I am being hit very hard right now and like clockwork I looked at the time and sure enough its like 2pm. Its the same everyday now. Like around 12 or 1 it starts sl;ightly and raises in power like 2 and really has control of me until like 4:30 or 5.
The ideations are the same lately. Its all about sexual stimulation. It actually feels like I am having sex with no one there. I wouldnt mind this so much if I was in a happier place or enjoying my stay here. A few years ago I got this affect but it was due to some very naughty musicians sneaking this sort of thing into thier music..the difference? I can CHOOSE to listen to that and CHOOSE to partake in that OR I can turn it off and NOT partake in that.
I am getting hit with something similar (but not as powerful) that feels like a cheap tech imitation of black magic for sure. And that may piss me off more than anything
- that its a cheap imitation
-that its totally impersonal
-that its enslaving
Its been obvious for some time to many smart people in the US that 'black magic' if you will has been duplicated by what seems like technology. If they are real live psychics they are piss poor at what they do and need to off themselves right now or go get a desk job.
It could actually be normal people and the system has experimented enough to be able to give them imitation psychic ability. It just sucks and feels totally...cheap. There is no ritual to it, there is no ancient pagan feel to it. It does not feel like the male 'god' or human male rep of that energy trading off energies with a female. It just feels like an abuse of authority to get a person to do what they want them to do. That is why its so easy to fight..after a time of being subdued.
Men dont want to understand this especially American men, but women have alot of power over choice. I mean u can rape women all you want, you still are not approaching them and getting chosen or seducing them. Your robbing them..its not quite the same as being accepted for the act is it? In fact at that point youre still a loser who has to take due to not being invited to take.

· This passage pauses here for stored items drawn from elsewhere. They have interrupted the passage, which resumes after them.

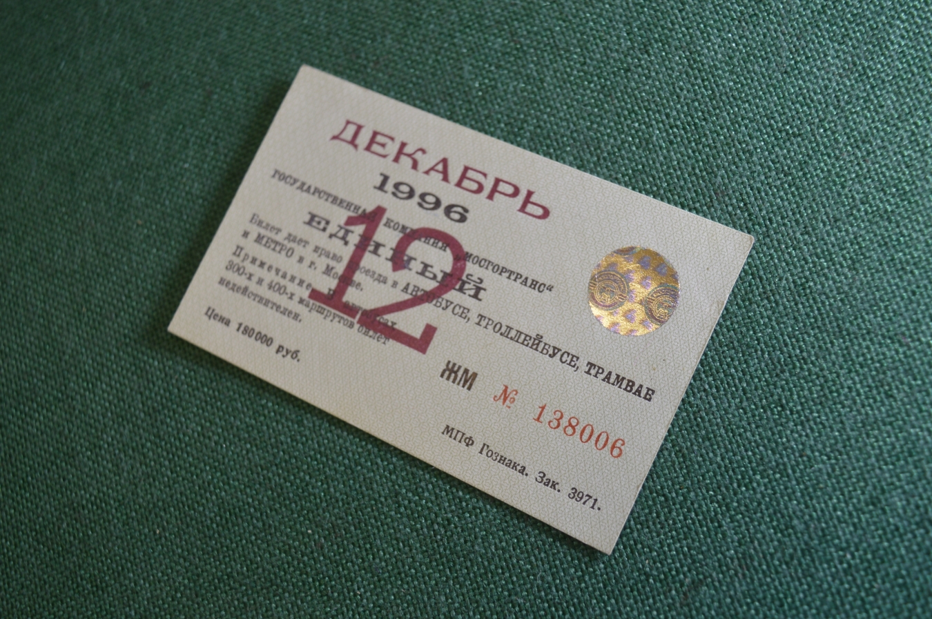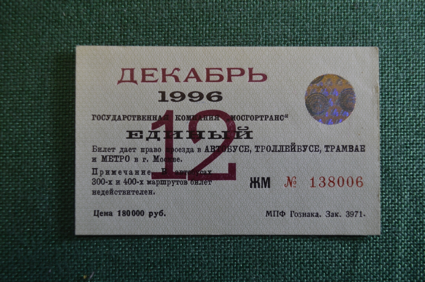 Проездной билет, Единый. Декабрь 1996 года. Москва, Мосгортранс.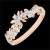 Romantyczny pierścionek wysadzany 7 diamentami, wykonany naprzemiennie z błyszczących liści z białego złota i z liści ze złota szczotkowanego ręcznie.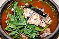 こちらは韓国ならでは辛く煮込まれたフグのメウンタン。辛い中にフグの淡白な味がきいています。 釜山の近くにフグの漁場があるため比較的安くフグが食べられるのが魅力。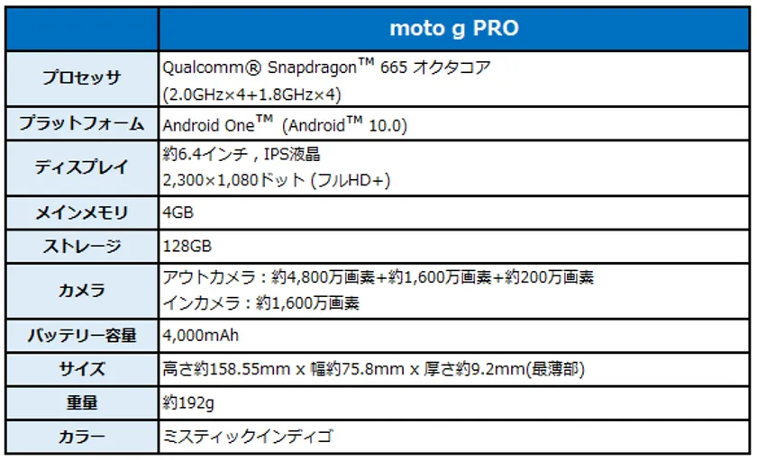「moto g PRO」は、BIGLOBEモバイル初のスタイラスペン(タッチペン)を搭載したモデルとなります。スタイラスペンを使うことで、ゲームアプリなどを利用する際にスライドやタッチ等の操作を正確に行うことが可能となります。また、設定をしておくとスタイラスペンを本体から引き抜くだけで専用のアプリが立ち上がり、気軽に手書きのメモを取ることができます。また、Android Oneプロジェクトにより最新のAndroid OSへのアップグレードが予定されており、Android 12まで最新のOS機能をお使いいただけます。2年間のメーカー保証付き(※通常は1年間)で、安心してご利用いただける機種となっています。カラーは、ミスティックインディゴの1色となります。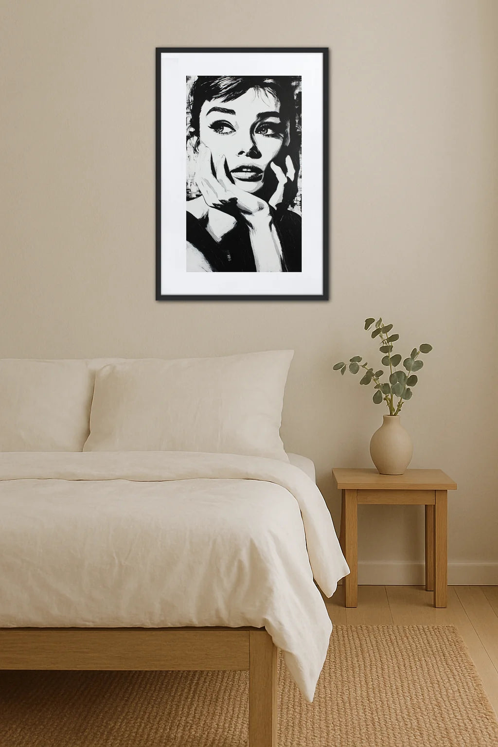 Née d’une maîtrise subtile des contrastes, cette œuvre s’inscrit dans la lignée des grands portraits emblématiques qui ont marqué l’histoire du Pop Art, réinterprétant avec finesse et modernité une figure iconique du cinéma et de la culture populaire. Le noir et blanc accentuent la profondeur des émotions, révélant une personnalité à la fois mystérieuse et pleine de vie, oscillant entre douceur et force intérieure. Chaque coup de pinceau, chaque zone d’ombre et de lumière raconte une histoire, un fragment de rêve et de réalité entremêlés. Cette composition invite à une contemplation intime où les frontières entre art et expression personnelle s’effacent, laissant place à un dialogue silencieux entre l’œuvre et son spectateur. L’attention portée aux détails, aux lignes et aux formes crée une dynamique visuelle qui capte et retient le regard, évoquant tour à tour nostalgie, sophistication et modernité. En s’appuyant sur les codes du Pop Art, ce tableau transcende la simple image pour devenir un véritable manifeste de style et d’émotion, un hommage vibrant à la culture et à l’art sous une forme épurée et saisissante.

That is what this feels like. Its some force so desperate to control me as a woman that it does not have the power to seduce effectively or act in a manner similar to ancient pagan ways of females trading energies with males.
In fact its obvious that its just a male faction using sexuality to control female for the simple act of control and to push through thier authority...it has little to do with sexuality or true magick in any form. Its dry, unimaginative, controlling, unpleasant and pathetic. Its used for torture plain and simple, not to gain power or energy.
If you want to beat this system, I suggest you read up on your occult and find out who your ancestors are and what kind of magick or ritual they practiced. I mean ALL your DNA. If you are considered one race but you even think you may be someting else start looking at that ancestory. Warfare has no time for pride or PC. I dont care what your culture dictates about race and shame connected to it.
I notice that the ONE thing that this system cannot break is our primitive roots to your ancestors. Which in science terms is our DNA. People dont realize how much the people who gave birth to us, what the lines of humans before them gave to us. Its more than superficial stuff. There is a reason that the Asians pray to thier ancestors. Its not superstition..look at it as DNA. And I dont mean try to contact dead people, I mean try to dig deep into those double helix becuz there is INFORMATION there that this society wants you to ignore or not to be activated at all. Much of it is dormant and may become active in battle for life or a threat to your way of life as in now.
I know it sounds racist but if you are targeted NOW is not the time to assimulate, unless you are joining forces with other TI's. I have a feeling that all TI's have some genetic similarity anyway and if that is true then we are more help to each other than we know.
But even if we are not genetically similar we are all in the same situation so there is the bond.
But when TI is alone, society is systematically ignoring us or we have been isolated from them. This is dangerous as the perps use this to become your new 'family' or friends or handlers just like a cult would. ( much of what they do is exactly what a cult would do after kidnapping someone to brainwash them into making it appear that they joined willfully).
We MUST fight. Most people dont understand this situation and many do or will think us mentally ill. Instead of seeking avenues that do not work, lets use ones that DO while we think of or try to get those avenues that seem shaky or uncertain.
Most likely your whole life has been taken away from you and this leads to suicide or the perps forcing you into a group you dont really want to be in.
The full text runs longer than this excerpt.